Michael was born on 23 July 1937 in Breslau (today Wrocław in Poland, but then the capital of Lower Silesia in Germany) into an educated Jewish family, the older of two sons. It was not a good time to be Jewish in Germany but his parents had managed to get permits to South America and arranged to travel there via the UK. They arrived in Dover on 4 April 1939 and went to stay, temporarily they hoped, with a relative in Alkrington near Manchester who provided the necessary financial guarantees. However, the family’s travel plans were thwarted by the outbreak of war with Germany on 1 September 1939, so they stayed on in Alkrington. Michael arrived at his primary school in Alkrington still speaking German and with little English – not the easiest start at a time when the country was at war with Germany!

Michael arrived at his primary school in Alkrington still speaking German and with little English – not the easiest start at a time when the country was at war with Germany!

Michael took his 11-plus exam but failed at his first attempt.
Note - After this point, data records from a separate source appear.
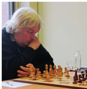
Jan Timman.

een periode dat de voormalige Sovjet-Unie de schaakwereld domineerde in de personen van wereldkampioen Anatoly Karpov en zijn rivaal Viktor Korchnoi. Na een aantal keren in de finales van de kandidatenmatches voor het wereldkampioenschap te zijn uitgeschakeld, kon hij in 1993 onverwacht toch een WK-match spelen tegen Anatoly Karpov. Dat kwam omdat de toenmalige finalisten, Garry Kasparov en Nigel Short, zich terugtrokken uit de FIDE en een WK-match voor de door Kasparov opgerichte PCA speelden. Timman verloor, maar speelde oktober jongstleden in Moermansk nog een korte tweekamp tegen Karpov. Die won hij met 2,5 - 1,5. Timman draait dus al heel wat jaren op hoog niveau mee. Hij behoort echter niet meer tot de hui-
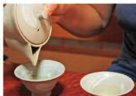
自園のお茶を飲み比べ
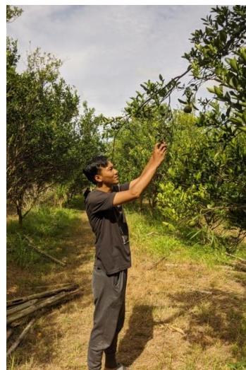
Gambar 1.8 Foto Di Kebun Jeruk BW

Berkunjung ke kebun jeruk BW milik warga desa Margo Mulyo untuk melihat potensi pariwisata yang bisa di kembangkan.
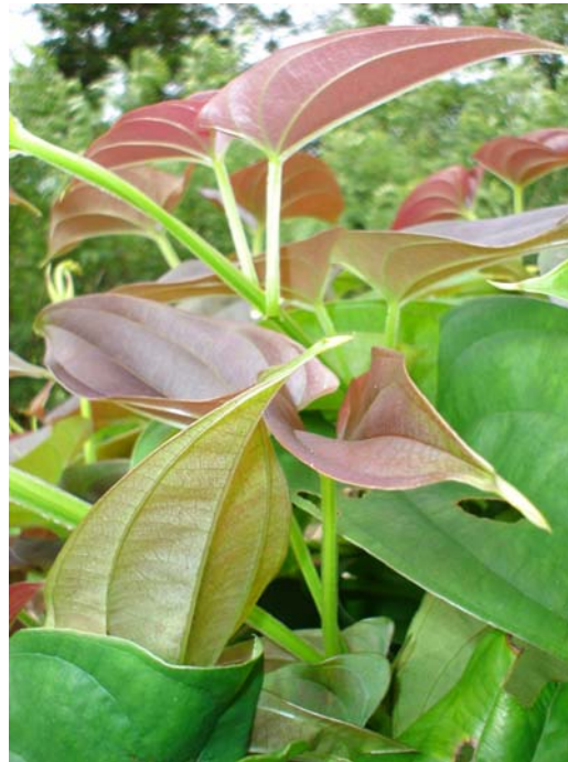
Yang helti rop blo yam blo katem
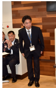
(株)セレモア 担当部長 様
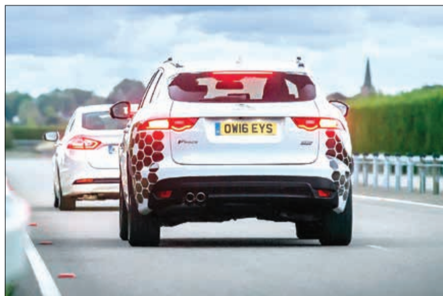
التقنيات الجديدة تسمح للسيارات بالتواصل مع بعضها بعضاً
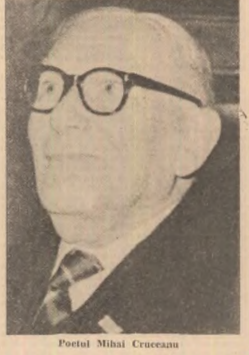
Poetul Mihai Crețeanu
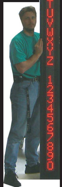
3,6m, 80mm Zeichen

Wir haben auch für Ihre Anwendung die richtige Lösung. Profitieren Sie von unserer großen Auswahl. Qualität ist unser Erfolg!
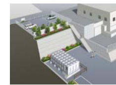
MLIT Kanto Bldg. Dep. Nagano Pref. Police School Auditorium Renovation Design
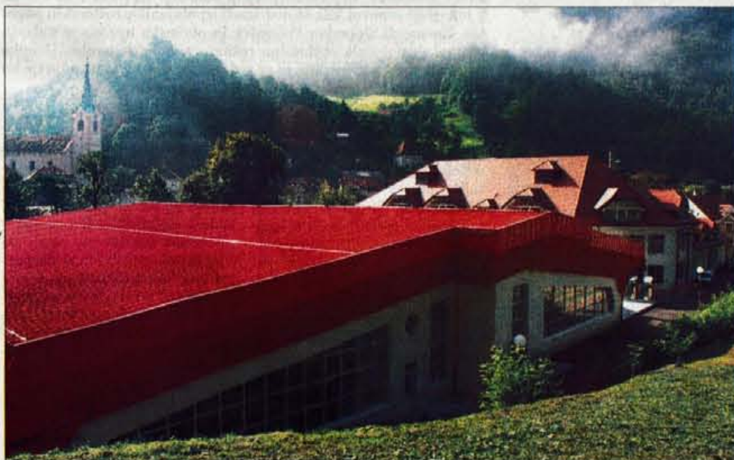
Ob šoli je zrasla tudi večnamenska dvorana, ki jo bodo odprli oktobra letos.

Vzgojno varstveni zavod in šola so dobili novo kuhinjo, ki ustreza vsem zahtevam. Poleg šole in dvorane smo pridobili še nov most in 110 parkirišč ob obeh stavbah, urejamo Šolsko ulico z 22 parkirišči, kot nadaljevanje tega smo obnovili Cankarjevo cesto, sedaj pa poteka še obnova stavbe nekdanjega kina. Domačinom, Gorenjem in vsem Slovencem želimo predstaviti, kako sistemsko urediti neki del starega mestnega jedra."
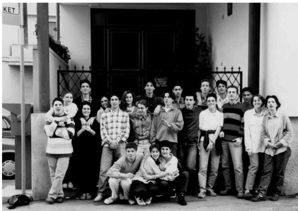
Un gruppo di giovani davanti all'ingresso dell'oratorio San Giorgio
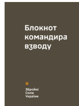
Блокнот командира взводу (ЗСУ)
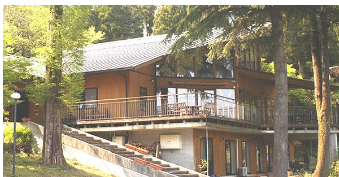
ロッジ、炊さん場、ピザ窯、ファイヤー場など完備

参加費 ・おとな(中学生以上) 3,000円 ・子ども(小学生) 1,500円 ・子ども(幼児) 1,000円 交通費、昼食費、プログラム費、 保険料を含む
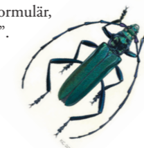
Illustration: Kenneth Claesson

Grupper kan boka guidning på naturum tisdag-lördag året runt. Bokningsförfrågan görs via hemsidans webformulär, www.naturumtakern.se flik "Boka guidning".
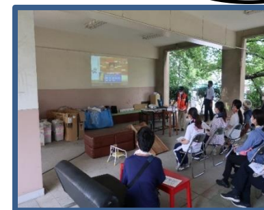
津守地域防災訓練
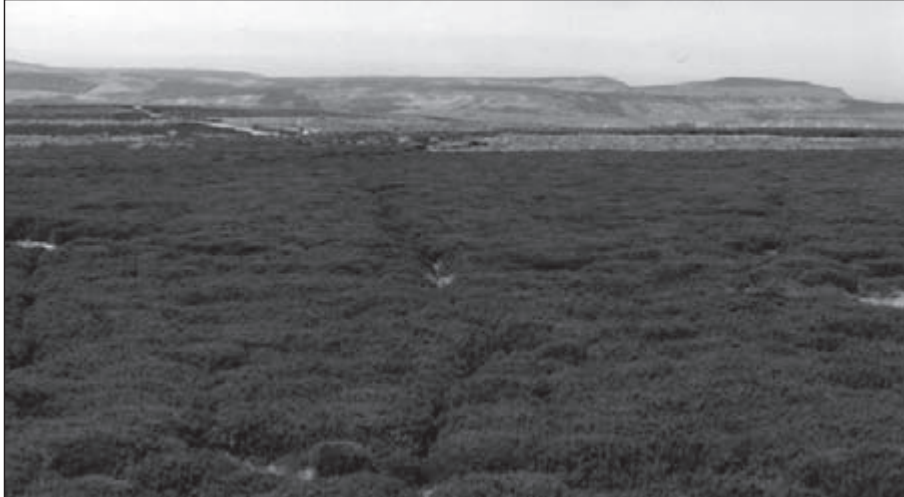
Het heidepad is soms niet meer dan een smal spoor

En als er ergens geen palen staan dan liggen er wel gegroepeerde keien dichtbij het pad, die vaak betrekking hebben op de aanwezigheid van grafheuvels uit het bronzen tijdperk. Een opmer-
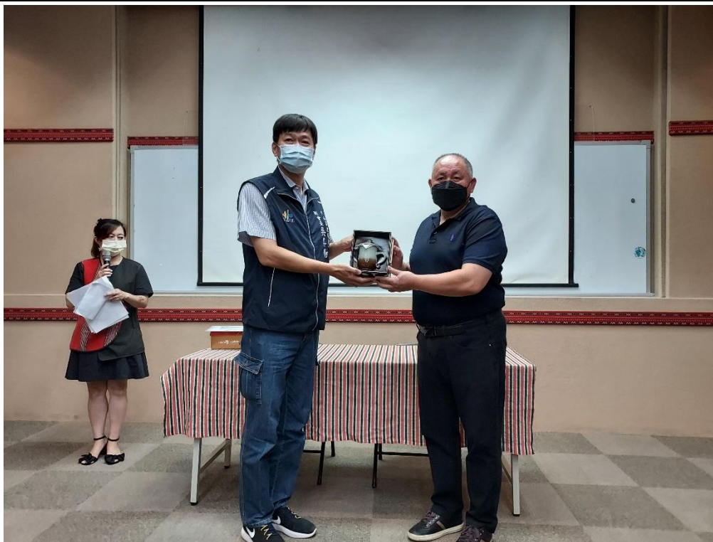
相片內容說明：里長聯誼會副會長代表致贈伴手禮
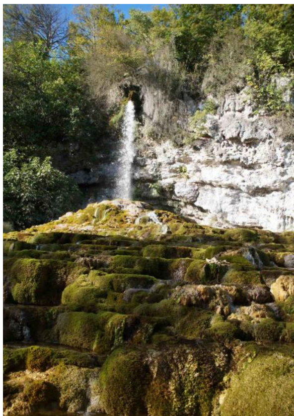
Au jardin des Fontaines pétrifiantes
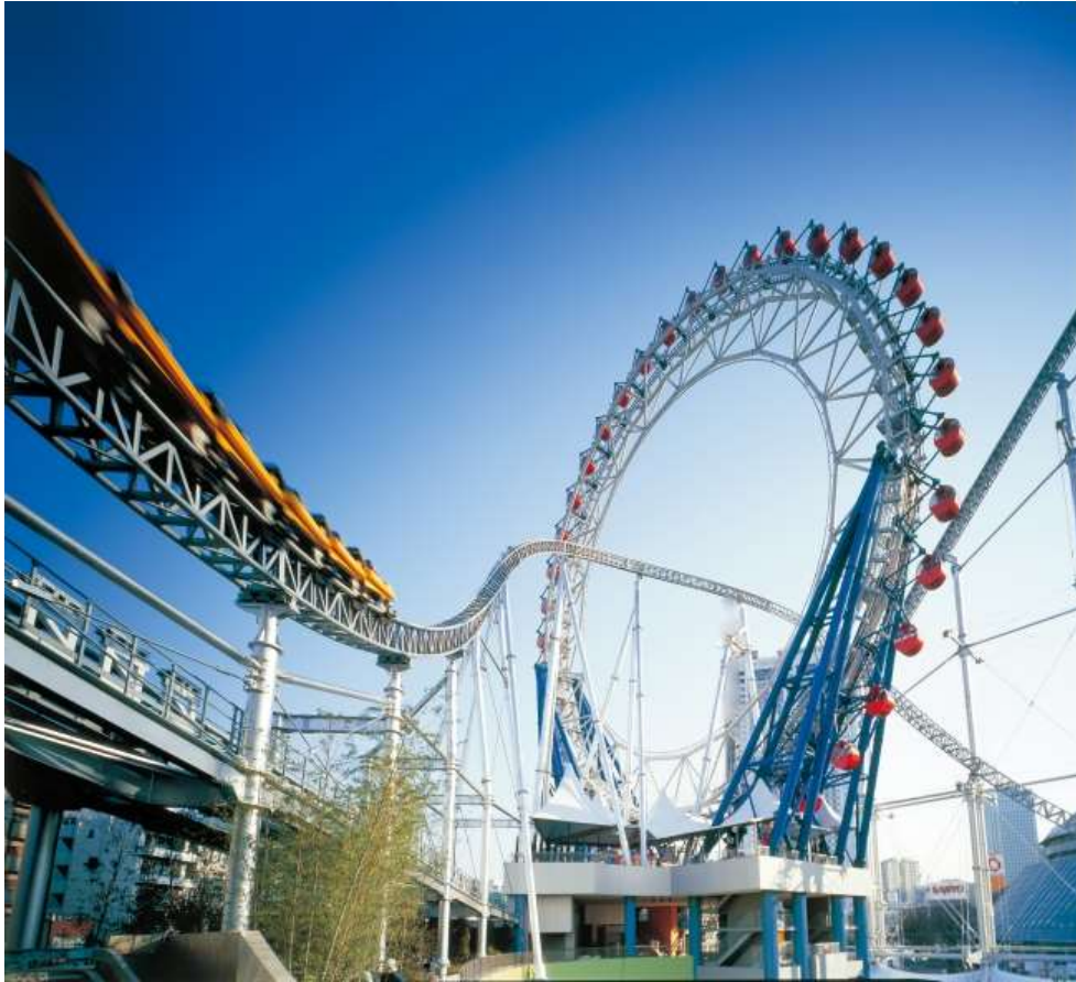
大人から子供まで楽しめる遊園地、東京ドームシティ アトラクションズ
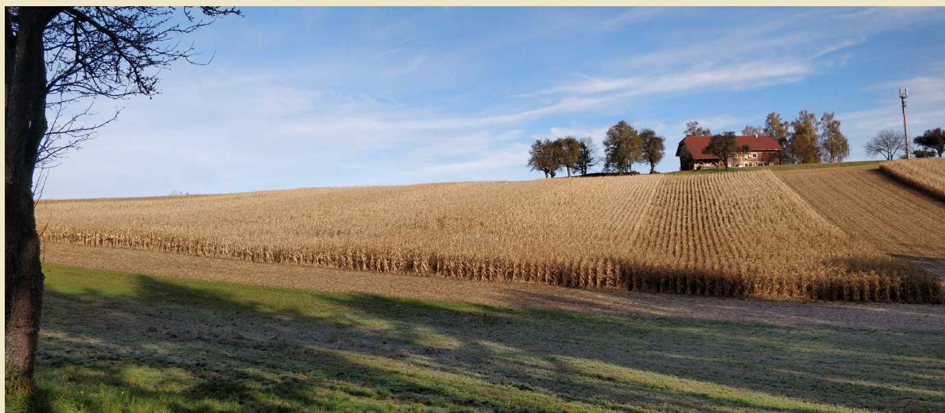
Maissortenversuch am 9. November 2023 zur Ernte.
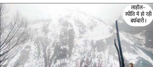
लाहौल-स्पीति में हो रही बर्फबारी।

दोनों जिले की ऊंची चोटियों पर जहां एक बार फिर से बर्फबारी हुई है। वहीं, निचले क्षेत्रों में हल्की बारिश होने से पर्यटन नगरी मनाली सहित कुल्लू में मौसम सुहावना होने के साथ-साथ कूल-कूल हो गया है। उधर, बर्फ के दीवार बनने लाहौल के पर्यटन स्थल अटल टनल व कोकसर गए पर्यटक आसमान से गिरे बर्फ के फाहों को देखकर झुम उठे। पर्यटकों ने बर्फ के फाहों को कैमरे में कैद किया। पर्यटन स्थलों में दोपहर बाद बर्फ के फाहों का दौर रुक-रुक कर जारी रहा। दूसरी ओर रोहतांग, शिकुला, बारालाचा व कुंजम दर्रे में भी बर्फबारी हुई है। मनाली के पर्यटन स्थल तुलाचा सहित राहनीनाला, व्यासनाला, सागू फाल, मढ़ी,
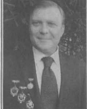
Уважаемые горняки компании «СУЭК»!

Сегодня наш праздник! От всей души поздравляю вас! Желаю здоровья, счастья, семейного благополучия. Роста во всех производственных показателях за исключением травматизма и зольности добываемого угля.
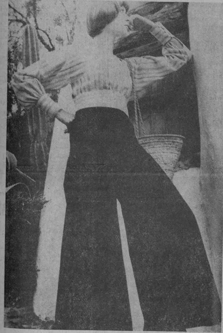
Como ya es sabido, ha nacido en Ibiza la moda «ad-lib», de «ad libitum», en latín («como usted quiera», en castellano). Se caracteriza por un estilo cómodo, con ausencia total de rigidez en la línea, utilizando preferentemente el algodón y el cuero, bordados a mano y ganchillo. Ahí tienen nuestras lectoras ese modelo, inspirado, como todos, en las más entrañables tradiciones de la isla.

La época de las «gafas únicas», ha quedado tan atrás, en nuestros días, como la del «vestido único».
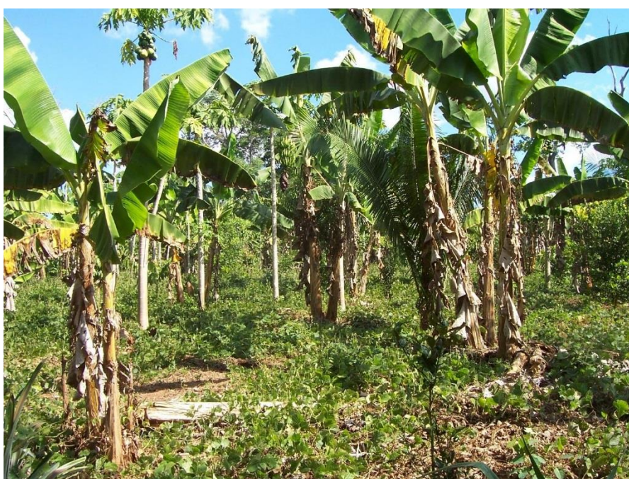
Figura 3. Vista de una "chacra" típica de cultivo de subsistencia

Según información de la Oficina de Información de la Región Agraria de Madre de Dios, la población de ganado vacuno al término del 2007 ascendió a 48.256 cabezas, de las cuales el 66% se concentra en la provincia de Tambopata; la saca anual bordea las 8.000 cabezas. Por lo general la gran mayoría de predios agropecuarios cuentan además del pasto, con pequeñas áreas dedicadas a la agricultura de subsistencia en base al cultivo de plátano, yuca, maíz, menestras y frutales; algunas veces también siembran Arroz en seco.
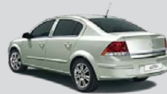
▲ Green Spirit 2
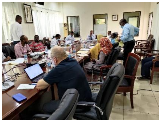
Rencontre avec les Parties Prenantes à Djibouti ville

However, he overcame the difficulties and passed at the second attempt and won a place at nearby Middleton Grammar School. Although a year behind he flourished in his new school and rapidly caught up academically. Michael’s father worked for a local chemical company where Michael got the chance to do a work-experience placement which aroused his interest in the chemical industry and in chemical engineering. He went on to study the subject at the University of Manchester Institute of Science and Technology (UMIST, which amalgamated with the Victoria University of Manchester in 2004 to become the University of Manchester).

He then went to Imperial College London to study for a PhD between 1958 and 1961, where the was the first research student to work in the field of nuclear technology with Geoffrey Hall (later Professor G R Hall) as his supervisor. His thesis was on The Design and Construction of a Cobalt Irradiated Cell and its Application to a Study of the Effects of Gamma Radiation on Ion Exchange Resins.

He described his experiences in a piece he wrote for Imperial College’s centenary celebrations in 2007. This set the course for much of his academic career, during which he published over 100 papers and chapters in technical books on a wide range of aspects of  ion exchange and adsorption and their application in many fields including nuclear engineering, water and wastewater treatment, and pollution control.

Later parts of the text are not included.